# Pan de Muerto --  Bread of the Dead



## AllenOK (Oct 31, 2005)

I thought would be fitting for today.  I haven't made it yet, but one of these days, I'd like to.

Pan de Muerto 
Bread of the Dead 

	Traditional Mexican recipe for Oct 31, Souls Day. 

2 c all purpose flower (222 g), in all
2 c water 
1 ¼ c white sugar (300 g), in all
½ c of margarine or butter (125 g) 
1/3 c shortening (100 g) 
3 whole eggs, in all
7 egg yolks 
3 T orange blossom water 
2 T anise tea 
20 g dry yeast 
1 T orange rind 
¼ t salt 

	Dissolve the yeast in 8 T of room temperature water and add about a cup of the all purpose flower to make a paste. Let it sit in a dry in a room temperature area, until it doubles size. 
	In a bowl mix the remaining sifted flower, about a cup of the  sugar, salt, 2 whole eggs, the egg yolks, orange blossom water and anise tea, orange rind, shortening and  margarine or butter. Mix it thoroughly with your hands, stretching it and squashing it. Add the yeast dough and continue to knead until the dough gets an elastic consistency. *If your dough ball is too grease and soft, add more sifted flower to it, by bits until you get a nice, firm and consistent dough ball. 
	Make a ball with the dough, rub it with a little butter and put it in a bowl, covered it with a damp piece of cloth and let it sit in a warm area, until it doubles size (it could take as long as 2 hours). Set aside 2 c of the dough, separately to decorate the top, if desired. 
	On a greased surface (use margarine, butter or shortening) set the dough ball and decorate it, making different shapes with the 2 c of saved dough.  Use a scrambled egg and brush the surface of the dough ball. 
	In 2 c of water mix 1 T flower and 2 T sugar.

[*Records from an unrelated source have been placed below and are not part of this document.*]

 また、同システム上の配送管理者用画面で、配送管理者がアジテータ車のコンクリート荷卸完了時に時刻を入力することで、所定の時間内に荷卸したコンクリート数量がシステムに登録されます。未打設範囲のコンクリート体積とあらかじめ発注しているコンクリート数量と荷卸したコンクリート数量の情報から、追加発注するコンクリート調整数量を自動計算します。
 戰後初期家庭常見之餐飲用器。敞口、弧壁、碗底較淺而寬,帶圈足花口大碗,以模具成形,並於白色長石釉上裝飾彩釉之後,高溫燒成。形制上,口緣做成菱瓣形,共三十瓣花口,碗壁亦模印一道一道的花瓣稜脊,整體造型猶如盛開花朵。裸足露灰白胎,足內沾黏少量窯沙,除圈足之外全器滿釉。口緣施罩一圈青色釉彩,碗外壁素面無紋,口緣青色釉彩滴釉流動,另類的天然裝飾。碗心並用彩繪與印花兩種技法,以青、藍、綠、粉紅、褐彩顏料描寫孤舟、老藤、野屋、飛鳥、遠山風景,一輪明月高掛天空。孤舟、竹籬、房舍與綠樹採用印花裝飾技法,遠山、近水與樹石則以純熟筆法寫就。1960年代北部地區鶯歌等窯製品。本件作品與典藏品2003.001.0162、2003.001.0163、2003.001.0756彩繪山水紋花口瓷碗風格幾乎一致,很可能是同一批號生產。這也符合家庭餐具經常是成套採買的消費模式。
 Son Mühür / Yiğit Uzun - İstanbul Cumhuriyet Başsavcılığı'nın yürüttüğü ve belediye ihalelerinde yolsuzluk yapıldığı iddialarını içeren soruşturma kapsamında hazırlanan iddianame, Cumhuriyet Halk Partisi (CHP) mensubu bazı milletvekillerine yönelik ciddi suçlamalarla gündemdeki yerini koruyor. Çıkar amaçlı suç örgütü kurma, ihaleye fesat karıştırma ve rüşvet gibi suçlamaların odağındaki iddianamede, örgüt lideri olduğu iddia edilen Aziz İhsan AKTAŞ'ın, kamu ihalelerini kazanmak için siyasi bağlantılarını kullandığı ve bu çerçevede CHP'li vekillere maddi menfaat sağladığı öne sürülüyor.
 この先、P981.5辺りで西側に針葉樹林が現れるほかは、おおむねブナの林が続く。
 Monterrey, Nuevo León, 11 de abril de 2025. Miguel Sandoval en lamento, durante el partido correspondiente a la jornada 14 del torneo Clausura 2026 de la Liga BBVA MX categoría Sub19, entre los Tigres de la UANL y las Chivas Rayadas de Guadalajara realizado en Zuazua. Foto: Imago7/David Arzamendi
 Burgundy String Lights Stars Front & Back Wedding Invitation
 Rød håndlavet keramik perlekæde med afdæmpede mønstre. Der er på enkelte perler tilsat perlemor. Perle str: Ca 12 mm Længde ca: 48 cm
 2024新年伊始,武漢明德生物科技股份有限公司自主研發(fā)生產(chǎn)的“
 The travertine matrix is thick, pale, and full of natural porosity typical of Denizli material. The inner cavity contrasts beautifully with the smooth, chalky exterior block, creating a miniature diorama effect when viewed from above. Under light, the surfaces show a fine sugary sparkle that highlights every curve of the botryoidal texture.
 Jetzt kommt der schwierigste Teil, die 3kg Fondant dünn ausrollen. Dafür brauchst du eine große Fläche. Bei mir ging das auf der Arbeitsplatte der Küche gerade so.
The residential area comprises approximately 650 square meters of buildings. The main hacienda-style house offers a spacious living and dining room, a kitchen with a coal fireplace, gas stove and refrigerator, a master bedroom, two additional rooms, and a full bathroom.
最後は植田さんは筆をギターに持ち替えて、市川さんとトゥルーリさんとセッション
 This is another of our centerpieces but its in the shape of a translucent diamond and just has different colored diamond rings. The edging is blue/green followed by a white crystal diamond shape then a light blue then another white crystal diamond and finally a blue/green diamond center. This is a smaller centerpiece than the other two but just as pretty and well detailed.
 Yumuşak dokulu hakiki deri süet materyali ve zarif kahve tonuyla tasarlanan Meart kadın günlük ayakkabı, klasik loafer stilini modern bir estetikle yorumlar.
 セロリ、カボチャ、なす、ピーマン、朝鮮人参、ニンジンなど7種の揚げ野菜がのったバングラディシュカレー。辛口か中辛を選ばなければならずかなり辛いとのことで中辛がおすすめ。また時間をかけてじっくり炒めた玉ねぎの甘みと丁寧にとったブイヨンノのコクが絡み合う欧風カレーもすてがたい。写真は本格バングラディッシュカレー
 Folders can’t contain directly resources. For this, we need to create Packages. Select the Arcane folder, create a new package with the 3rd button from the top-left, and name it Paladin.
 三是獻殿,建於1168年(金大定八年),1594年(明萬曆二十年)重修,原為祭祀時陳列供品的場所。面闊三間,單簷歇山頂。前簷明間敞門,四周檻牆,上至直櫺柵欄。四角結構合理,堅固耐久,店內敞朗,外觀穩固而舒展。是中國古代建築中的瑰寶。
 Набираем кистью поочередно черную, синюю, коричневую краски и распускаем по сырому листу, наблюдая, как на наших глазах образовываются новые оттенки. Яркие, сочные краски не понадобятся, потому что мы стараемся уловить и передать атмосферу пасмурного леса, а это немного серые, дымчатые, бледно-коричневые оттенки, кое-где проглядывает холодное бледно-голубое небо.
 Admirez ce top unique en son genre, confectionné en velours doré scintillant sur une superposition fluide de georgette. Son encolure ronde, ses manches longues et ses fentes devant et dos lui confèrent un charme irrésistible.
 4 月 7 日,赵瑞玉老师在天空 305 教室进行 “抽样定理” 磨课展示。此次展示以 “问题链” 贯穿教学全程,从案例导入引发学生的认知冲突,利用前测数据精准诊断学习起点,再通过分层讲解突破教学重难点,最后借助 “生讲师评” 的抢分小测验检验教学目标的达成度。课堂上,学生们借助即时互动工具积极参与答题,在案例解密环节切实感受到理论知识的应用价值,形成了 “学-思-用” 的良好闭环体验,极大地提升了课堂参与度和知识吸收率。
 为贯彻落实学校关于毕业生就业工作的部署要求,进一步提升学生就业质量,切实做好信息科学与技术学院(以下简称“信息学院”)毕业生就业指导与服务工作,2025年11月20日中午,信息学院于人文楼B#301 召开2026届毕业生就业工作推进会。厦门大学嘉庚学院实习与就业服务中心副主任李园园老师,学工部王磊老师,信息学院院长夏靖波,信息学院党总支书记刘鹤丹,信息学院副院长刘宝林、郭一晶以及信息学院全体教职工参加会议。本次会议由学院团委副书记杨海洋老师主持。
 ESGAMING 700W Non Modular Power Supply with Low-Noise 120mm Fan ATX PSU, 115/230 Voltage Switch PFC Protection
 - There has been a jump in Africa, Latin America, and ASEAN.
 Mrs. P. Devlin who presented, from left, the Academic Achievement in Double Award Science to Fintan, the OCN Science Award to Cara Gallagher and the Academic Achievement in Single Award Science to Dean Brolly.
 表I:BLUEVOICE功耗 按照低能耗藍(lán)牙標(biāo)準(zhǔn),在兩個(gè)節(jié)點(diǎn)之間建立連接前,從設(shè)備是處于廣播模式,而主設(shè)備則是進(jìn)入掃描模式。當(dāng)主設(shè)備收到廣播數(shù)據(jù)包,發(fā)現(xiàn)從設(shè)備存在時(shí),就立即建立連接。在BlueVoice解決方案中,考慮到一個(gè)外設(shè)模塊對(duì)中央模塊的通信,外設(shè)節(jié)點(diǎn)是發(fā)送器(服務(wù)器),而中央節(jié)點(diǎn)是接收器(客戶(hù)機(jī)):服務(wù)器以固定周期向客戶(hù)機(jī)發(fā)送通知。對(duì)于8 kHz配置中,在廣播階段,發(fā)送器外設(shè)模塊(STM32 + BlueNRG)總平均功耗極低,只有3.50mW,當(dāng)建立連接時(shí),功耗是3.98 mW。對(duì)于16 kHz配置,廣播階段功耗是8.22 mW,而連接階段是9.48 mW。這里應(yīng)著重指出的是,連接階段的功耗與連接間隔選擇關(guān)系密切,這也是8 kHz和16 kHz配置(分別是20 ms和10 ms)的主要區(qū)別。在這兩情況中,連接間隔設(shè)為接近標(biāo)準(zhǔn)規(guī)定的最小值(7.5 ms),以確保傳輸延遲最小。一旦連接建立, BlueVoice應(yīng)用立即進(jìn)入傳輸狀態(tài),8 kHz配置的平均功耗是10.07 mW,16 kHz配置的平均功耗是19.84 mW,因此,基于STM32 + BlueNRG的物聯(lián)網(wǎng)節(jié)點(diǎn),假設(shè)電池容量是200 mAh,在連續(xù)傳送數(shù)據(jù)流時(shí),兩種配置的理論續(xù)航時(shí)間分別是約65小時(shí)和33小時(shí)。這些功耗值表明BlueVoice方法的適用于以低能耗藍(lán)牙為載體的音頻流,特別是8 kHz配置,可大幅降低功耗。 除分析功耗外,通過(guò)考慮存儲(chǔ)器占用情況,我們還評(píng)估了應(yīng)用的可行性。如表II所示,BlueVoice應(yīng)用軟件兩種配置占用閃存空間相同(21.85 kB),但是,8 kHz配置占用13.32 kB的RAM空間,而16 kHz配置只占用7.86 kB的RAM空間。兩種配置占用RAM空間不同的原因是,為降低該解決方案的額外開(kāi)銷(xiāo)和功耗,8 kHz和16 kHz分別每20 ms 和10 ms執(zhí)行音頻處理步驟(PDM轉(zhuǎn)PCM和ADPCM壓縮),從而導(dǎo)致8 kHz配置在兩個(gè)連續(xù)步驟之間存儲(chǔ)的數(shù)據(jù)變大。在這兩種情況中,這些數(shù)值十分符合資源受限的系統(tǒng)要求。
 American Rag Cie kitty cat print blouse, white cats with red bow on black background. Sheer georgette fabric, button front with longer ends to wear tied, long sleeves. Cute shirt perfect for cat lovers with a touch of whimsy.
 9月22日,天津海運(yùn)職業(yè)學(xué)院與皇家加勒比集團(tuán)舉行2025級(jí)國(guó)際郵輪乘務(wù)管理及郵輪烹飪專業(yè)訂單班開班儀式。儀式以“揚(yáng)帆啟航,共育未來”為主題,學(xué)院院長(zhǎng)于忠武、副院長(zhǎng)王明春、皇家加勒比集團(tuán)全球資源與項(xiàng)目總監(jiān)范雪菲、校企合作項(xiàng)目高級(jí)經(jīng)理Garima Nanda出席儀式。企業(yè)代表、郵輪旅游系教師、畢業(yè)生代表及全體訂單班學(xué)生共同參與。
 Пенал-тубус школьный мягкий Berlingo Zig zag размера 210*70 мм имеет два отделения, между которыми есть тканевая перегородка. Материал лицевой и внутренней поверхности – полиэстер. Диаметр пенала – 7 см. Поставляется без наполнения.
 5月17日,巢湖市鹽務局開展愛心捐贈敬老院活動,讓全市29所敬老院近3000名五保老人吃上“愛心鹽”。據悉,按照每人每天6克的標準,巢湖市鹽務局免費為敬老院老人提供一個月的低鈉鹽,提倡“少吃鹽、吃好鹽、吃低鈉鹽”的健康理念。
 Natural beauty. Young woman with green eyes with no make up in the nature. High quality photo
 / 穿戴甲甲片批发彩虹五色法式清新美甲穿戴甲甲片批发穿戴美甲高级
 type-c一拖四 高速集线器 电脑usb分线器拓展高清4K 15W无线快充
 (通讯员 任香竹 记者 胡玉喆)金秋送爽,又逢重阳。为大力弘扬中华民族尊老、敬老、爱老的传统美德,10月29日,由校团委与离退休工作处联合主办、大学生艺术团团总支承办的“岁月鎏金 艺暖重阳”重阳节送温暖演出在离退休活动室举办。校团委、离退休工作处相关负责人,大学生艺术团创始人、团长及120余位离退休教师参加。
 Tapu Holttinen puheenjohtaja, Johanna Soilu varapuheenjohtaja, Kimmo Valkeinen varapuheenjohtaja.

Heat it until you get a syrup consistency. 
	Preheat the oven at 350ºF and put the dough in for around 40 minutes. It depends on the size of your dough ball, so keep and eye on it. it should get golden brown on the top. To check if it is done, gently press the surface of the bread. If it jump right back up, VOILA!... to make sure, do the "stick a fork in the middle" routine. You know, if it comes out clean, your done!. 
	Sprinkle the baked bread with the syrup (wait for the syrup the cool down). Sprinkle with white sugar all over the top.


----------